16.04.2 Glucocorticoids

Another major treatment for inflammatory bowel disease is the glucocorticoids. In addition to inhibiting the production of prostaglandins and leukotrienes by inhibiting phospholipase A2, glucocorticoids have inhibitory effects on other components of inflammation, such as histamine, cytokines, and adhesion molecules (Figure 16.7). Adhesion molecules are required for white blood cells to adhere to the site of inflammation. Prednisone is an example of a glucocorticoid, which inhibits all these components of inflammation. Oral prednisone is the standard treatment for acute severe exacerbations of inflammatory bowel disease. Indeed, prednisone gives remission in most patients with ulcerative colitis and active Crohn’s disease.

Figure 16.7 Components of inflammation inhibited by glucocorticoids (Copyright QUT, Sheila Doggrell)

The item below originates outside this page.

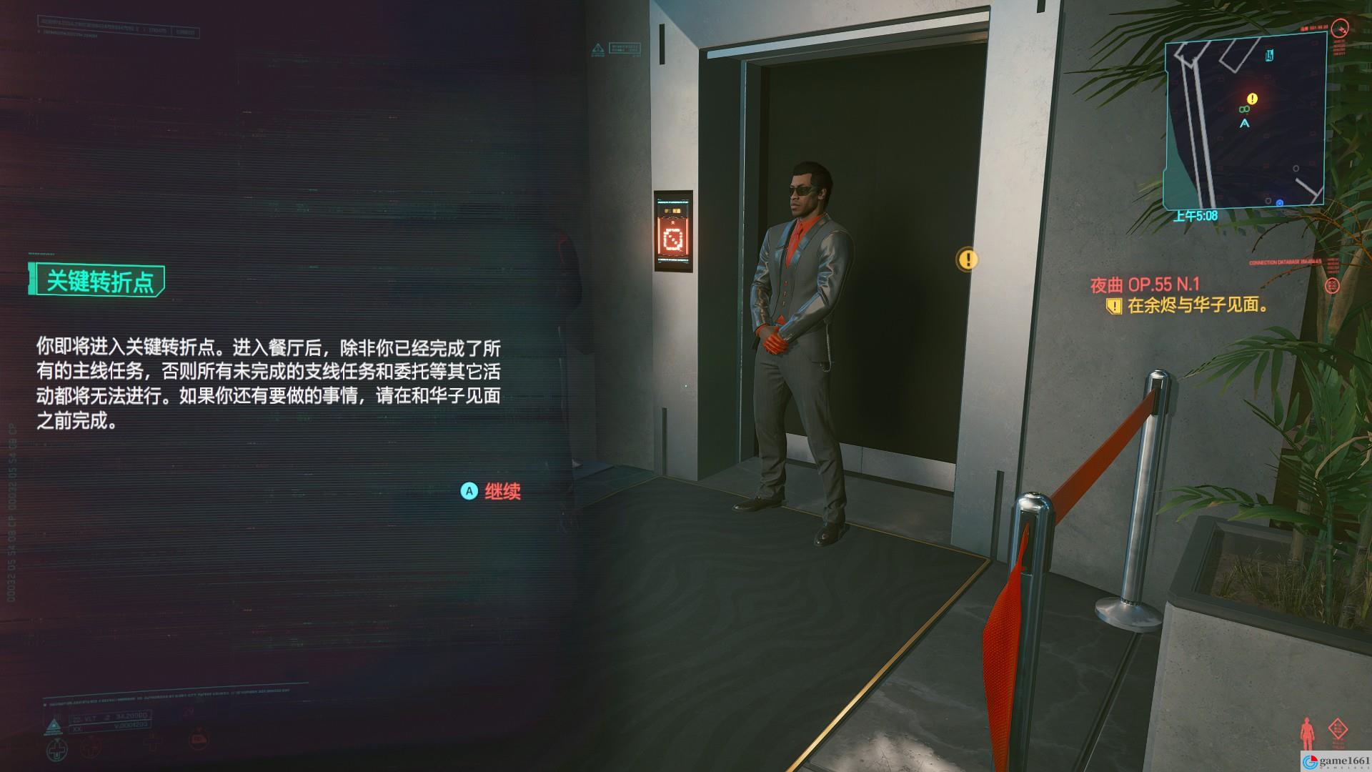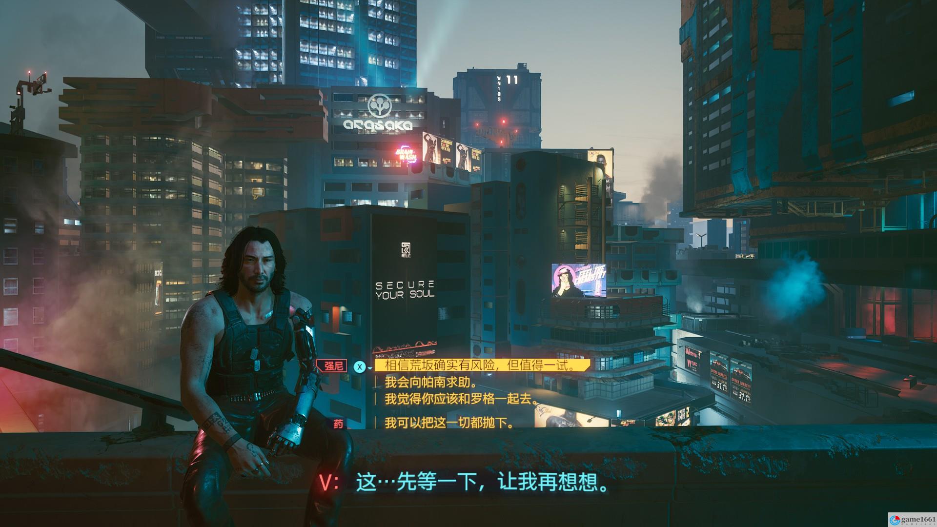 與華子交談之後,V會暈倒在電梯。蘇醒與維克託交談之後,將會跟隨米斯蒂到天臺,強尼要你做出四選一的選擇。(初始為三選一,選擇其一後選」我再想想「 即會變成四選一)
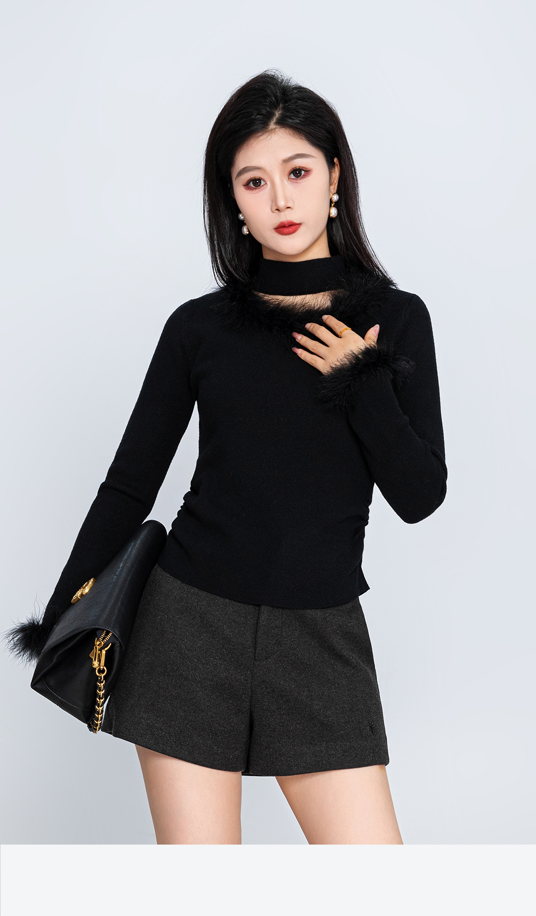冬上新毛绒装饰镂空半高领针织打底衫1254167 商品图1

The main problem with glucocorticoids, such as prednisone, is systemic circulation leads to increasing and more severe side effects with time. Thus only short courses of treatment should be used. With prolonged systemic treatment, prednisone causes the side effects of hypertension, hyperglycemia, an increased susceptibility to infection, osteoporosis, myopathy, behavioural disturbances, cataracts and more! Clearly, it is best to avoid long treatment with prednisone. Thus, prednisone is reserved for acute severe exacerbations of inflammatory bowel disease.

An alternative approach, if long term treatment with glucocorticoids is necessary is to use a glucocorticoid with extensive first pass liver metabolism to avoid some of the systemic side effects e.g. budesonide.

The weak glucocorticoid hydocorticosterone is used in enemas for a local effect in inflammation limited to the rectum (proctitis).